Comparing schema of dataframe using Pyspark

Question

I have a data frame (df). For showing its schema I use:

from pyspark.sql.functions import *
df1.printSchema()

And I get the following result:

#root
# |-- name: string (nullable = true)
# |-- age: long (nullable = true)

Sometimes the schema changes (the column type or name):

df2.printSchema()


 #root
        # |-- name: array (nullable = true)
        # |-- gender: integer (nullable = true)
        # |-- age: long (nullable = true)

I would like to compare between the two schemas (df1 and df2) and get only the differences in types and columns names (Sometimes the column can move to another position). The results should be a table (or data frame) something like this:

   column                df1          df2     diff                       
    name:               string       array     type                             
    gender:              N/A         integer   new column

(age column is the same and didn't change. In case of omission of column there will be indication 'omitted') How can I do it if efficiently if I have many columns in each?

Its missing the solution you have attempted...

Bala
– Bala

2018-02-07 21:22:36 +00:00
Commented Feb 7, 2018 at 21:22 — Bala
– Bala, Commented Feb 7, 2018 at 21:22

Koby · Accepted Answer · 2022-02-15 14:13:17Z

13

Without any external library, we can find the schema difference using

from pyspark.sql.session import SparkSession
from pyspark.sql import DataFrame

def schema_diff(spark: SparkSession, df_1: DataFrame, df_2: DataFrame):
    s1 = spark.createDataFrame(df_1.dtypes, ["d1_name", "d1_type"])
    s2 = spark.createDataFrame(df_2.dtypes, ["d2_name", "d2_type"])
    difference = (
        s1.join(s2, s1.d1_name == s2.d2_name, how="outer")
        .where(s1.d1_type.isNull() | s2.d2_type.isNull())
        .select(s1.d1_name, s1.d1_type, s2.d2_name, s2.d2_type)
        .fillna("")
    )
    return difference

fillna is optional.
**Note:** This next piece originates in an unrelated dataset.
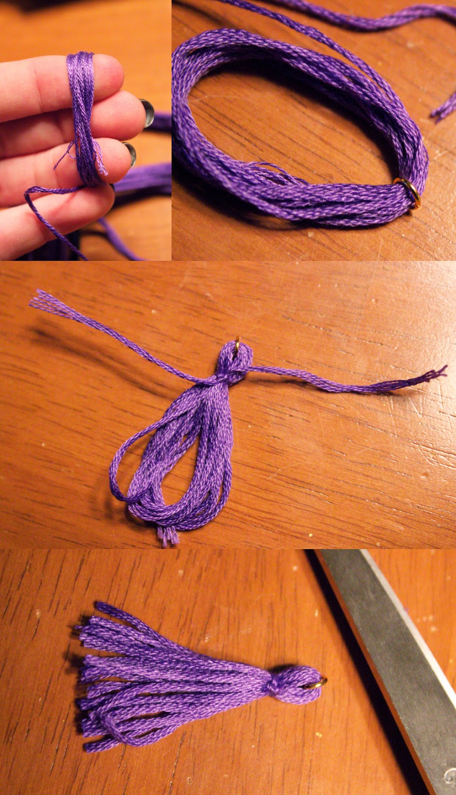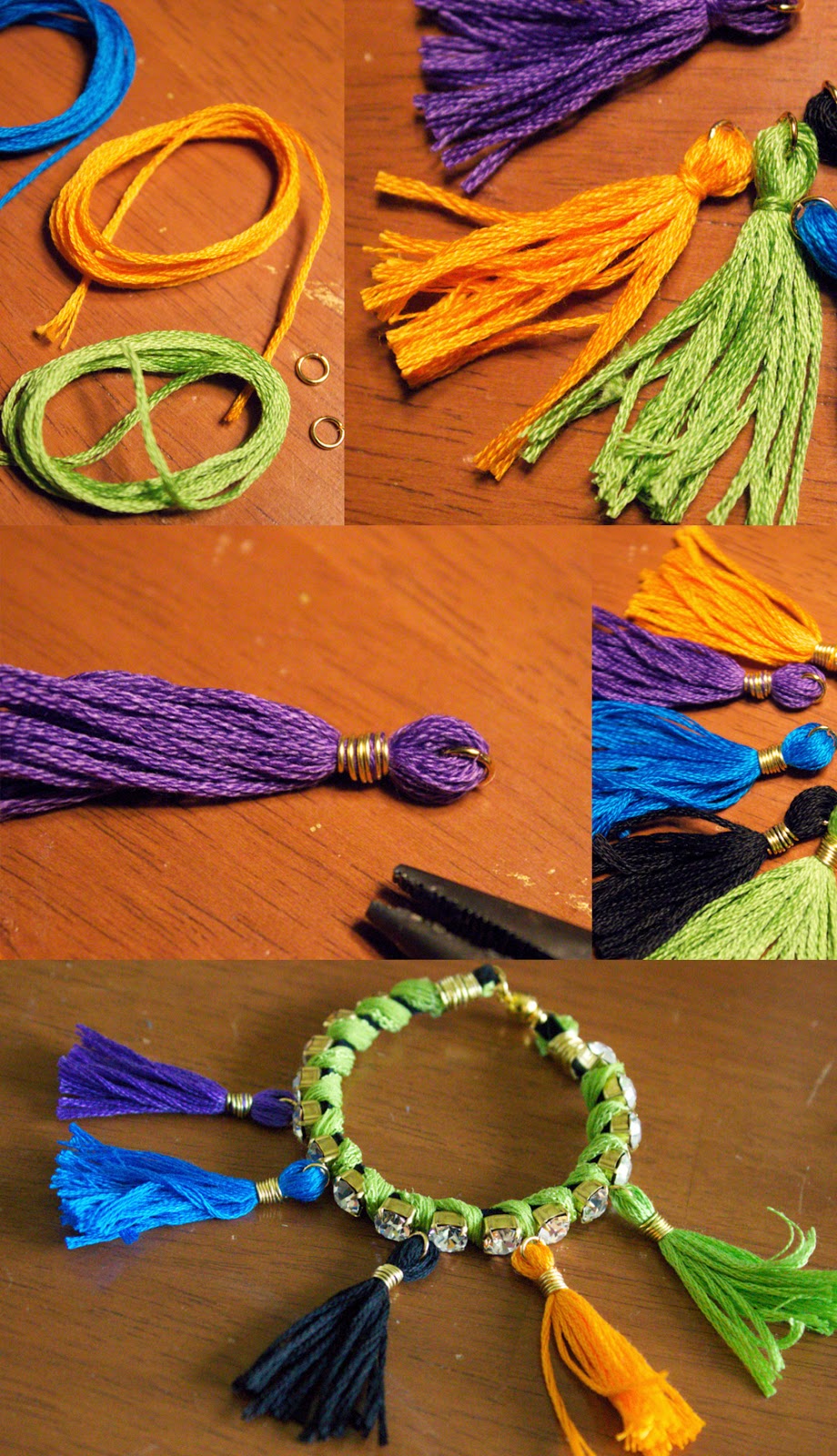 To make the tassel version, I used bigger rhinestones and green silk fairy ribbon, but the technique was the same. Simply make embroidery floss tassels by wrapping floss 10 times around your two fingers, add a jumpring around the loop. Tie near the top with another piece of floss, cut the excess. Then, cut through the loop to make the tassel.

I prefer to view them as empty string.
in where clause we use type because this will help us to show even if column exists in both dataframe but they have different schemas.
this will also show all columns that are in second dataframe but not in first dataframe

Usage:

diff = schema_diff(spark, df_1, df_2)
diff.show(diff.count(), truncate=False)

edited Feb 15, 2022 at 14:13

Koby

1502 silver badges13 bronze badges

answered Aug 24, 2021 at 21:41

Sairam Krish

12.1k3 gold badges66 silver badges77 bronze badges

Sign up to request clarification or add additional context in comments.

4 Comments

blackbishop Over a year ago

This won't detect type differences as the join condition uses only column names. It should be (s1["d1_name"] == s2["d2_name"]) & (s1["d1_type"] == s2["d2_type"]) instead.

Sairam Krish Over a year ago

@blackbishop The intent of above function is to show the difference. The intent is not to filter out odd ones. So the output difference dataframe will have all the details (s1.d1_name, s1.d1_type, s2.d2_name, s2.d2_type) so the consumer of this function can do anything he wants.
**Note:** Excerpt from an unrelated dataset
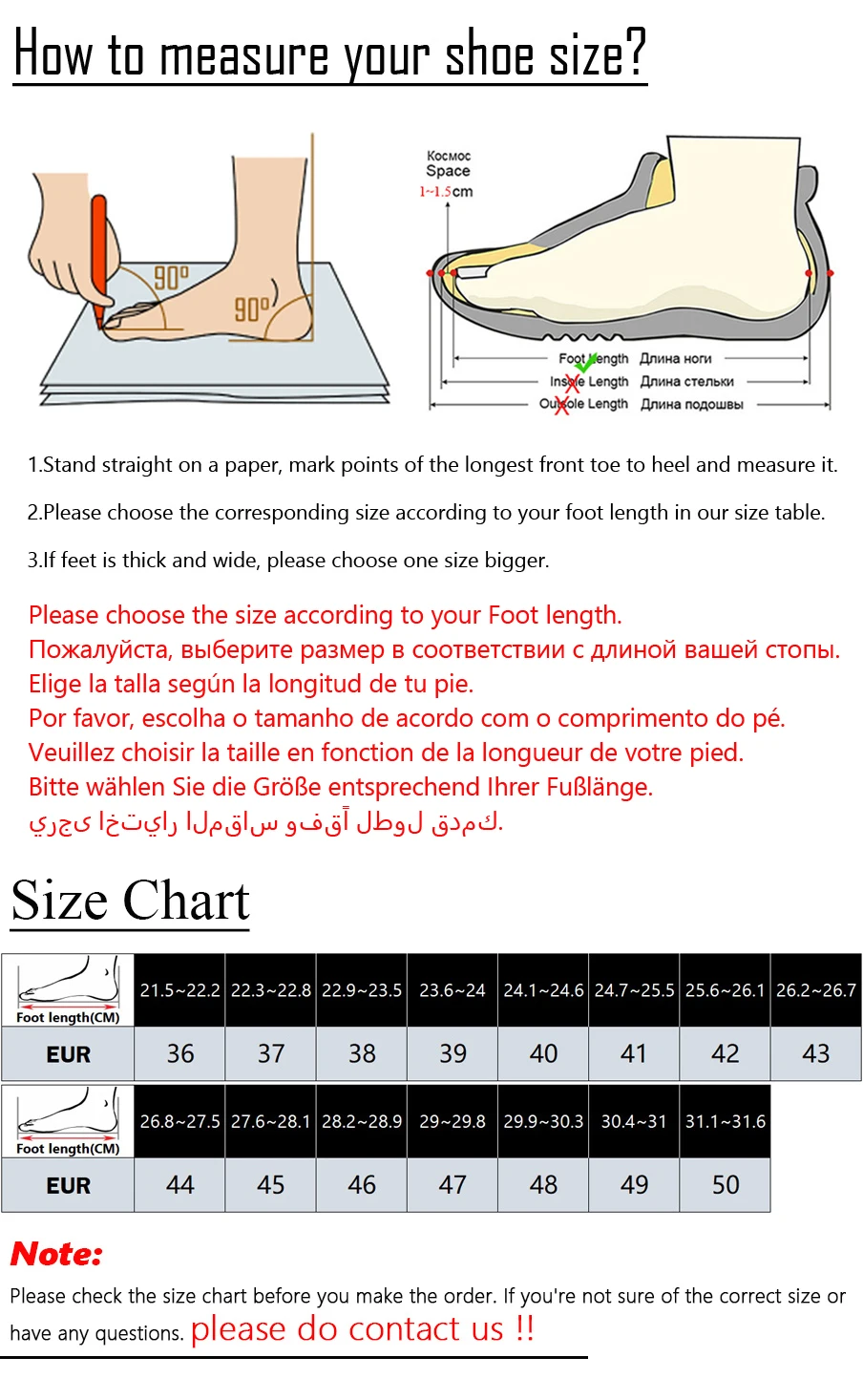 Прежде чем сделать заказ, вы должны быть осторожны, чтобы измерить длину вашей стопы (От пятки до носка). Затем, пожалуйста, выберите соответствующий размер в соответствии с длиной Вашей стопы в нашей таблице размеров. Если у вас есть какие-либо вопросы, пожалуйста, свяжитесь с нами.

blackbishop Over a year ago

Okay, in this case you should remove the where clause otherwise it won't return columns with same names but different types. Just try it with theses dataframes: df1 = spark.createDataFrame([("a", (1, 2))], "a: string, b struct<x:int,y:int>"), df2 = spark.createDataFrame([("a", (1, 2))], "a: string, b struct<z:int,t:int>")

Davide Over a year ago

The correct clause to only highlight different columns should be: .where(s1.d1_type.isNull() | s2.d2_type.isNull() | (s1.d1_type != s2.d2_type)) Also, coalescing the column name would make the result clearer

cts_superking · Accepted Answer · 2018-02-08 06:46:38Z

6

You can try creating two pandas dataframes with metadata from both DF1 and DF2 like below

pd_df1=pd.DataFrame(df1.dtypes,columns=['column','data_type'])
pd_df2=pd.DataFrame(df2.dtypes,columns=['column','data_type'])

and then join those two pandas dataframes through 'outer' join?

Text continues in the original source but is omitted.